Your assignment: Leave out every picture, then transcribe the rest of the listing exactly.

#### Provided information

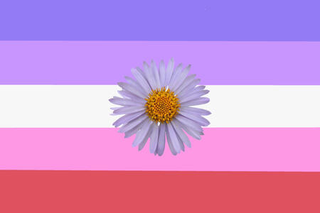 A: The flag was made by admin Winsor , it was made for this account to represent the MLM/NBLM community. The colours are heavily inspired by asters, the flower this account was named after. Each stripe has it's own meaning (the purple stripe represents wisdom , the white stripe represents purity and innocence , the red stripe represent undying devotion , the pink stripe represent sensitivity and love , and the blue stripe represents peace and serenity) .
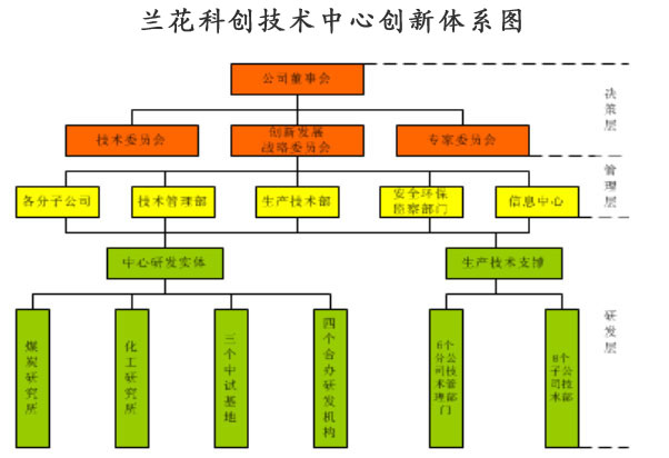 公司技術(shù)創(chuàng)新體系是以技術(shù)中心為核心,按照現(xiàn)代化企業(yè)管理層次、制度的模式,根據(jù)“蘭花”實際情況,采用“三層”創(chuàng)新體系。
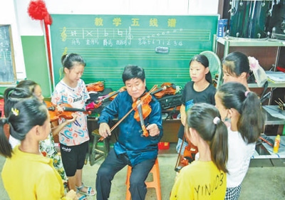 教學(xué)漸漸步入正軌后,張玉立還將支教的范圍擴(kuò)大到其他4個(gè)同樣偏僻的鄉(xiāng)鎮(zhèn)。山路崎嶇,往返山間,張玉立樂(lè)此不疲?!啊亚俾曀瓦M(jìn)大山’不僅能夠豐富孩子們的生活,還可以幫助他們走出大山。”張玉立說(shuō),經(jīng)過(guò)一段時(shí)間的教學(xué)以后,自己開(kāi)始有意識(shí)地挑選對(duì)小提琴有興趣、有天賦的孩子,成立小提琴班,利用課外時(shí)間進(jìn)行專門(mén)訓(xùn)練。
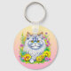 Porte - clé monogramme. Chat persan blanc mignon entouré de fleurs jaunes et roses d'aquarelle botanique aquarelle art.
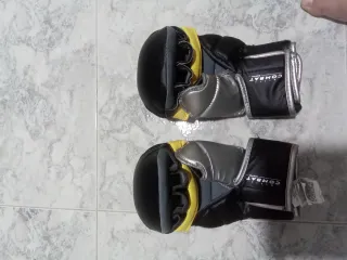 Par de guantes para MMA con un diseño llamativo. - Exterior en color negro. - Interior en color rojo. - Diseño abierto en los dedos. vendo por qué no es mi talla

########

Worked solution:
 A: The flag was made by admin Winsor , it was made for this account to represent the MLM/NBLM community. The colours are heavily inspired by asters, the flower this account was named after. Each stripe has it's own meaning (the purple stripe represents wisdom , the white stripe represents purity and innocence , the red stripe represent undying devotion , the pink stripe represent sensitivity and love , and the blue stripe represents peace and serenity) .
 公司技術(shù)創(chuàng)新體系是以技術(shù)中心為核心,按照現(xiàn)代化企業(yè)管理層次、制度的模式,根據(jù)“蘭花”實際情況,采用“三層”創(chuàng)新體系。
 教學(xué)漸漸步入正軌后,張玉立還將支教的范圍擴(kuò)大到其他4個(gè)同樣偏僻的鄉(xiāng)鎮(zhèn)。山路崎嶇,往返山間,張玉立樂(lè)此不疲?!啊亚俾曀瓦M(jìn)大山’不僅能夠豐富孩子們的生活,還可以幫助他們走出大山。”張玉立說(shuō),經(jīng)過(guò)一段時(shí)間的教學(xué)以后,自己開(kāi)始有意識(shí)地挑選對(duì)小提琴有興趣、有天賦的孩子,成立小提琴班,利用課外時(shí)間進(jìn)行專門(mén)訓(xùn)練。
 Porte - clé monogramme. Chat persan blanc mignon entouré de fleurs jaunes et roses d'aquarelle botanique aquarelle art.
 Par de guantes para MMA con un diseño llamativo. - Exterior en color negro. - Interior en color rojo. - Diseño abierto en los dedos. vendo por qué no es mi talla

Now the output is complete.